* BRIEF
Range to copy from the entries below: the line containing "DIMENSIONAL ANALYSIS and" through the line containing "електромобіля: 1 - кермове", inclusive. Retype only those lines, exactly, without any images.

* EXTRACTED ENTRIES
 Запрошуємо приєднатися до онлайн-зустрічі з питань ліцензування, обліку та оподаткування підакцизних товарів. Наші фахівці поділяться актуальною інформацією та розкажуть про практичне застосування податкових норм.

--

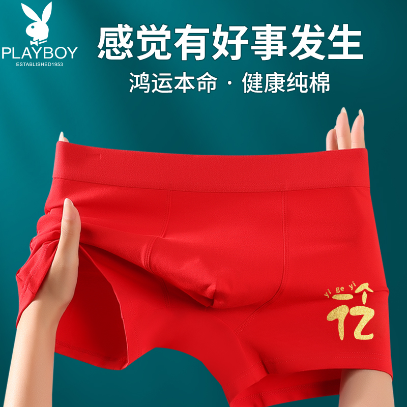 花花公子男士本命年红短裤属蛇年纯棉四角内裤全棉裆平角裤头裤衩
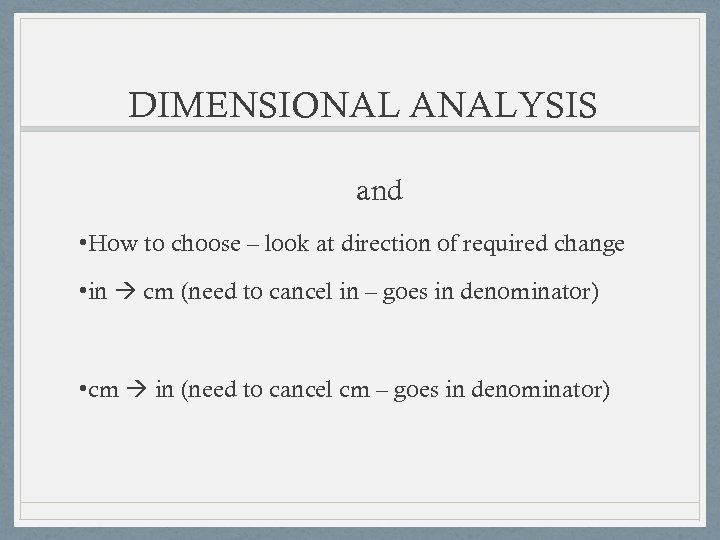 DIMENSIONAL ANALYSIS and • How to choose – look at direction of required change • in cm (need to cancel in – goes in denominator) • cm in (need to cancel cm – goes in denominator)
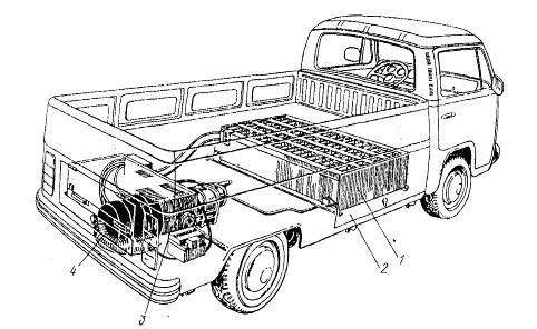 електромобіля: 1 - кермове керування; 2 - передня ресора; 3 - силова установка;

* FINISHED TASK
 DIMENSIONAL ANALYSIS and • How to choose – look at direction of required change • in cm (need to cancel in – goes in denominator) • cm in (need to cancel cm – goes in denominator)
 електромобіля: 1 - кермове керування; 2 - передня ресора; 3 - силова установка;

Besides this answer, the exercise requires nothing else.